Aim of the exercise: Retype the records below exactly as they stand, omitting the pictures.

[Extracted data entries]
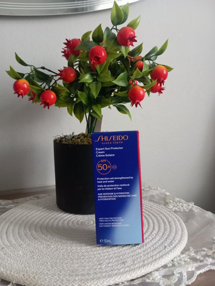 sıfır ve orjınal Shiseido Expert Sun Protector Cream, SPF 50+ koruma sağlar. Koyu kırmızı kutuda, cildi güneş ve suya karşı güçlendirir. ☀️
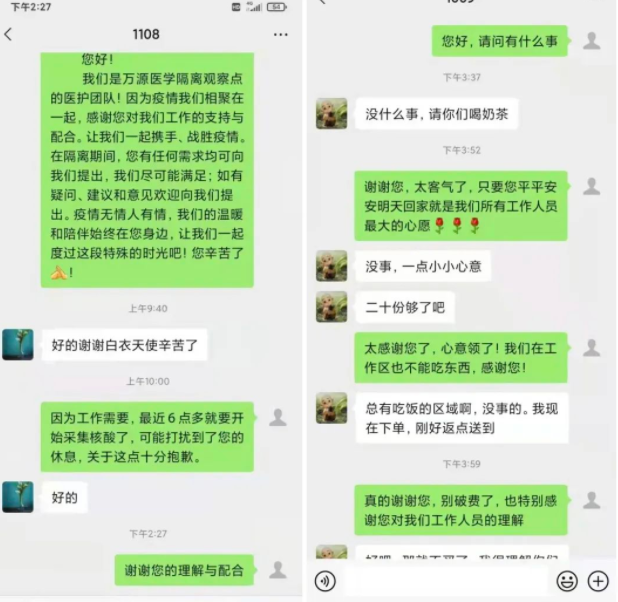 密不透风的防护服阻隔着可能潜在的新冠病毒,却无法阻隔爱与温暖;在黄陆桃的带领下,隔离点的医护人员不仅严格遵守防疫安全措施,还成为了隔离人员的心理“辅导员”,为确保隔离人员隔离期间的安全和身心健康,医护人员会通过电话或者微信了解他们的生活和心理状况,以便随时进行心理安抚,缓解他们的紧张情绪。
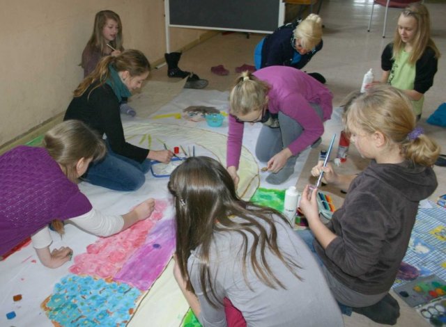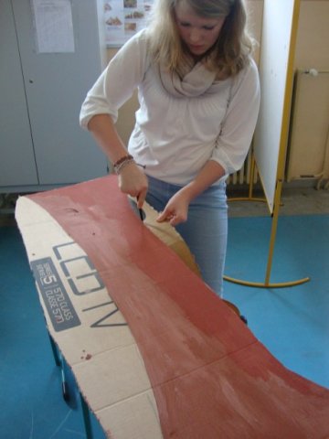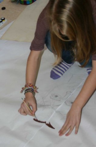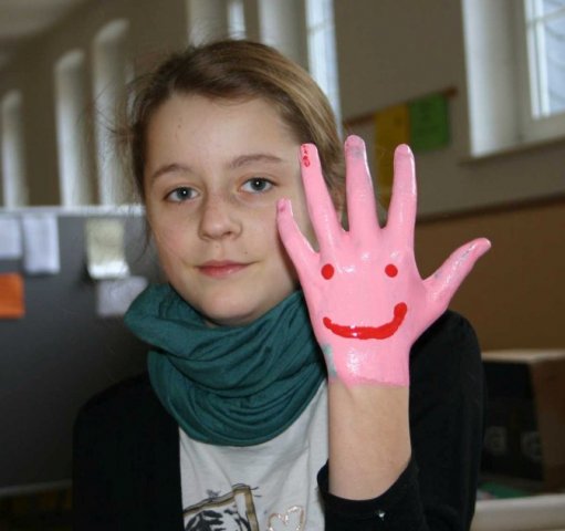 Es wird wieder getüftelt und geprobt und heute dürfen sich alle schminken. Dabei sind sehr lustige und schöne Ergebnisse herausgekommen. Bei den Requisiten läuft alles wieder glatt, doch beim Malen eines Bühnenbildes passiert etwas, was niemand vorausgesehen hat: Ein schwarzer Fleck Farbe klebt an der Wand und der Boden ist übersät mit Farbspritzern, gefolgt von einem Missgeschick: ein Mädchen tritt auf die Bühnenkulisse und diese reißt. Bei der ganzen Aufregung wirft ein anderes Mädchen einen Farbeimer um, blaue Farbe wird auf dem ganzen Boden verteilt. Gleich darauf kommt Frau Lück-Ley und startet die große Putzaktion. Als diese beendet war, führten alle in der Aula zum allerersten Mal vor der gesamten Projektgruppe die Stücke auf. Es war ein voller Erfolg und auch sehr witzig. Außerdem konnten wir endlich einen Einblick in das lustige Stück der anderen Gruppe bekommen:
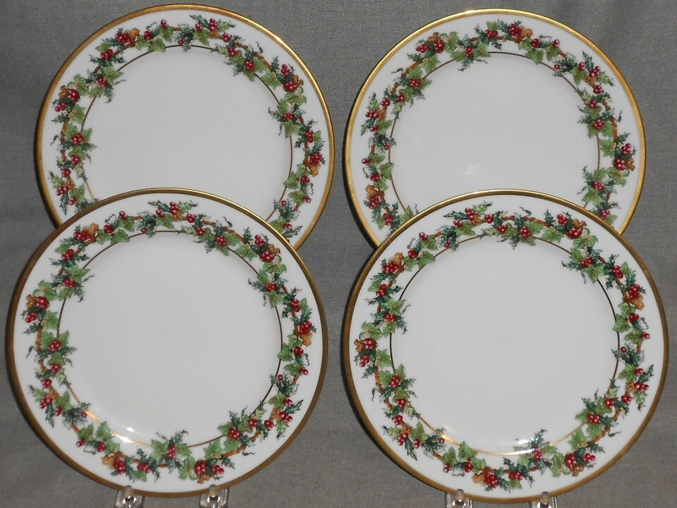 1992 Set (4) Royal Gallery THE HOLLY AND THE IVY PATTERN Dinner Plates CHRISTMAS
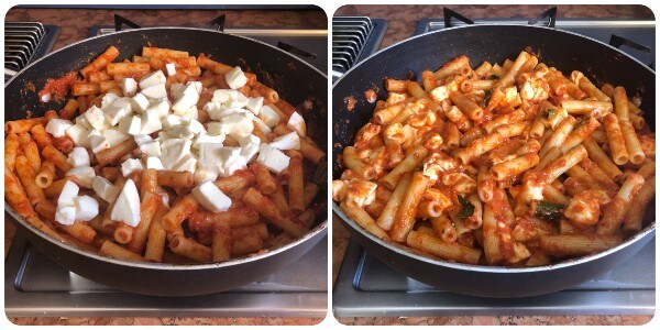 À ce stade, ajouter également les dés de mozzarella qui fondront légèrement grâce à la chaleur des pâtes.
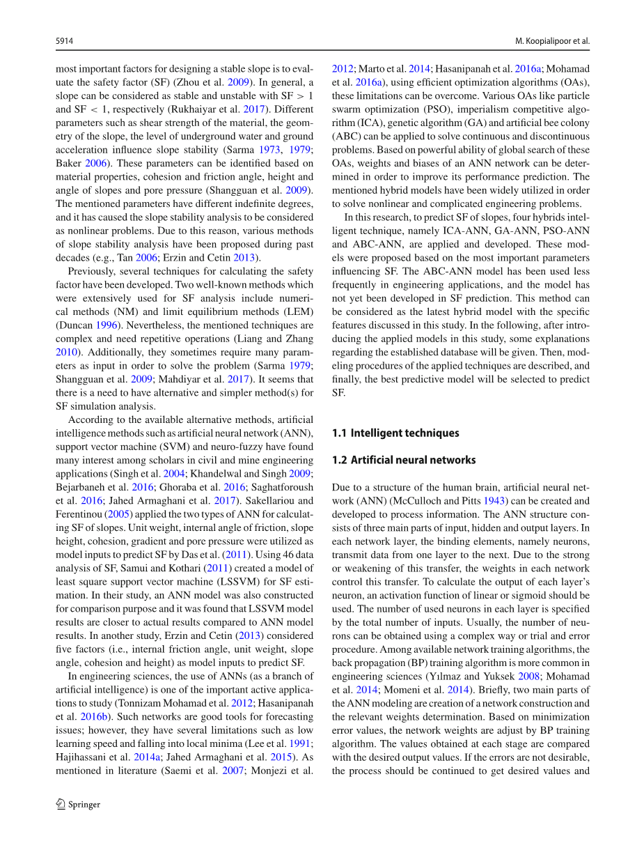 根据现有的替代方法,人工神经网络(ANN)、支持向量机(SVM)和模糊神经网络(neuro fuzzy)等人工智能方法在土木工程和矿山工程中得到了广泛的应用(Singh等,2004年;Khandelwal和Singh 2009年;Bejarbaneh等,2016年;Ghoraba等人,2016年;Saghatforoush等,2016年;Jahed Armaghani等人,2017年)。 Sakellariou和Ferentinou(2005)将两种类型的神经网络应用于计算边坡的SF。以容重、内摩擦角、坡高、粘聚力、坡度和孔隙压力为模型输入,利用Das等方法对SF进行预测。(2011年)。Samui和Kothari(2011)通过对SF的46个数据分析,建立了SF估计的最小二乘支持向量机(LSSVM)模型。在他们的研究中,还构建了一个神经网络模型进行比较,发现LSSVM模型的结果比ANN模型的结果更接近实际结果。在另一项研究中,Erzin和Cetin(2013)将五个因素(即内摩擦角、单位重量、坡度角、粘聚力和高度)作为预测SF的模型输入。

Reply to the exercise:
 sıfır ve orjınal Shiseido Expert Sun Protector Cream, SPF 50+ koruma sağlar. Koyu kırmızı kutuda, cildi güneş ve suya karşı güçlendirir. ☀️
 密不透风的防护服阻隔着可能潜在的新冠病毒,却无法阻隔爱与温暖;在黄陆桃的带领下,隔离点的医护人员不仅严格遵守防疫安全措施,还成为了隔离人员的心理“辅导员”,为确保隔离人员隔离期间的安全和身心健康,医护人员会通过电话或者微信了解他们的生活和心理状况,以便随时进行心理安抚,缓解他们的紧张情绪。
 Es wird wieder getüftelt und geprobt und heute dürfen sich alle schminken. Dabei sind sehr lustige und schöne Ergebnisse herausgekommen. Bei den Requisiten läuft alles wieder glatt, doch beim Malen eines Bühnenbildes passiert etwas, was niemand vorausgesehen hat: Ein schwarzer Fleck Farbe klebt an der Wand und der Boden ist übersät mit Farbspritzern, gefolgt von einem Missgeschick: ein Mädchen tritt auf die Bühnenkulisse und diese reißt. Bei der ganzen Aufregung wirft ein anderes Mädchen einen Farbeimer um, blaue Farbe wird auf dem ganzen Boden verteilt. Gleich darauf kommt Frau Lück-Ley und startet die große Putzaktion. Als diese beendet war, führten alle in der Aula zum allerersten Mal vor der gesamten Projektgruppe die Stücke auf. Es war ein voller Erfolg und auch sehr witzig. Außerdem konnten wir endlich einen Einblick in das lustige Stück der anderen Gruppe bekommen:
 1992 Set (4) Royal Gallery THE HOLLY AND THE IVY PATTERN Dinner Plates CHRISTMAS
 À ce stade, ajouter également les dés de mozzarella qui fondront légèrement grâce à la chaleur des pâtes.
 根据现有的替代方法,人工神经网络(ANN)、支持向量机(SVM)和模糊神经网络(neuro fuzzy)等人工智能方法在土木工程和矿山工程中得到了广泛的应用(Singh等,2004年;Khandelwal和Singh 2009年;Bejarbaneh等,2016年;Ghoraba等人,2016年;Saghatforoush等,2016年;Jahed Armaghani等人,2017年)。 Sakellariou和Ferentinou(2005)将两种类型的神经网络应用于计算边坡的SF。以容重、内摩擦角、坡高、粘聚力、坡度和孔隙压力为模型输入,利用Das等方法对SF进行预测。(2011年)。Samui和Kothari(2011)通过对SF的46个数据分析,建立了SF估计的最小二乘支持向量机(LSSVM)模型。在他们的研究中,还构建了一个神经网络模型进行比较,发现LSSVM模型的结果比ANN模型的结果更接近实际结果。在另一项研究中,Erzin和Cetin(2013)将五个因素(即内摩擦角、单位重量、坡度角、粘聚力和高度)作为预测SF的模型输入。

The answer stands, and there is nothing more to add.